_Problem_: Below are some records. Return exactly their lines from the one containing "Rramsall Lm., Lehrbuch" through the one containing "Los sindicatos negociadores", and drop the pictures.
==== Material for this task ====
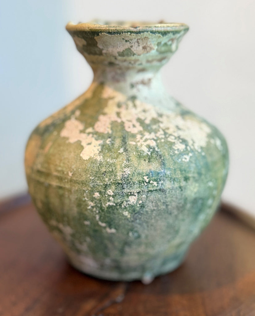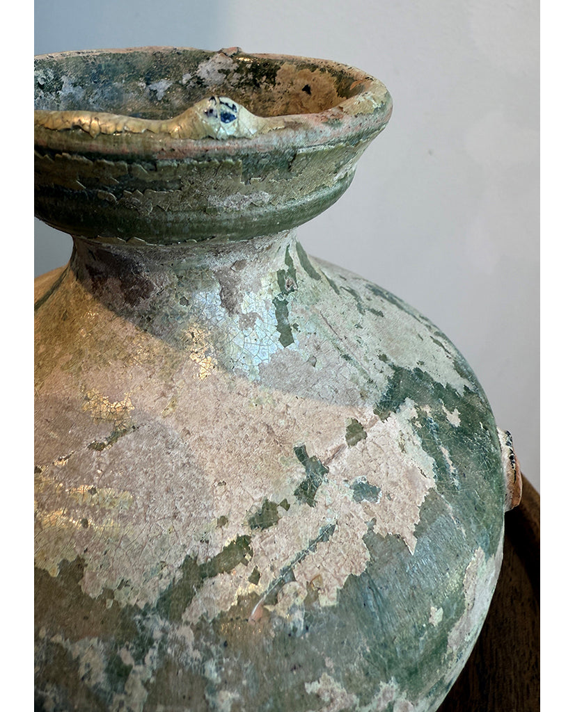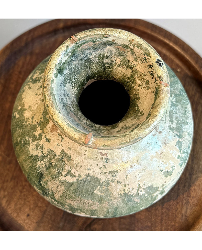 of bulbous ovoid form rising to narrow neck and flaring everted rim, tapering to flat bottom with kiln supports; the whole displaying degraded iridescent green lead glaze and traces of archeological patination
====
==== Material for this task ====
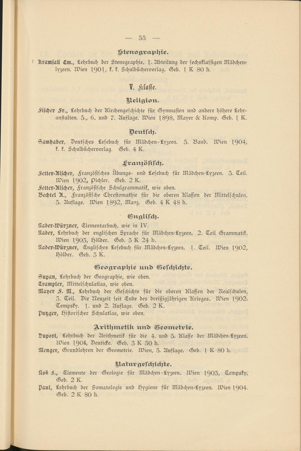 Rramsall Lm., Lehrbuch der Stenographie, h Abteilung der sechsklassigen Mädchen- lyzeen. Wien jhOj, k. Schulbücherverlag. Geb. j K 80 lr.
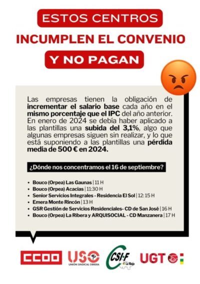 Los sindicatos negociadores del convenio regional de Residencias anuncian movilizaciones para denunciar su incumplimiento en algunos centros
====
==== Material for this task ====
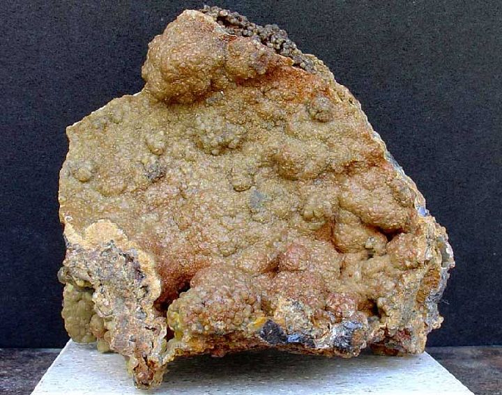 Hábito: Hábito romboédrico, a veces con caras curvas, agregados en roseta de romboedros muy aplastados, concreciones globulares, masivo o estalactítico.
====
_Answer section_:
 Rramsall Lm., Lehrbuch der Stenographie, h Abteilung der sechsklassigen Mädchen- lyzeen. Wien jhOj, k. Schulbücherverlag. Geb. j K 80 lr.
 Los sindicatos negociadores del convenio regional de Residencias anuncian movilizaciones para denunciar su incumplimiento en algunos centros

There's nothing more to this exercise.